As I enjoyed another tart and spicy spoonful of my ant-studded sorbet, I thought to myself, “Is entomophagy (the practice of eating bugs) the future?” Will the idea fly? Will it take wing? Will the buzz continue?

The Bug Dinner’s second lecturer, entomologist Meghan Curry, thinks so. The founder of Bug Vivant, a website dedicated to “gastronomy on six legs,” Curry calls insects “nutritional rock stars.”

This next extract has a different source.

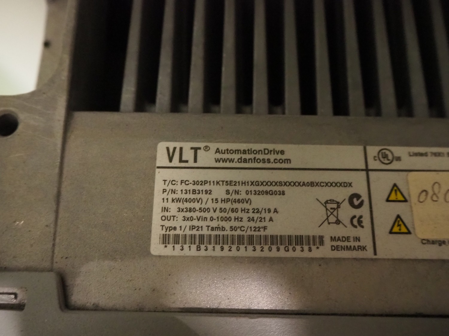 Danfoss frequency converter, 380-500 V, 3 Ph, 50/60 Hz, 22/19 A, 11 kW, dimensions: 220 mm x 280 mm x 450 mm.

“We know of at least 2,000 insect species in recorded history that have been eaten, but that’s probably the tip of the iceberg. Insects are high in protein; require less land, water, and feed to raise than cattle; and are ethical to harvest,” she told us. To prove how nutritious bugs are, Curry embarked this past fall on a successful two-week, insect-fueled climb of El Capitan in Yosemite National Park. For the duration of her arduous climb, Curry ate nothing but insect products (though she admits on her blog that she sometimes made dessert of a snort of bourbon).

Over the last nibbles of our chocolate cricket pudding, my tablemates and I agreed that discoveries like this are what make the Witte special. We may not eat bugs ever again, but our eyes have been opened to cultures beyond us. And that is the best dessert of all.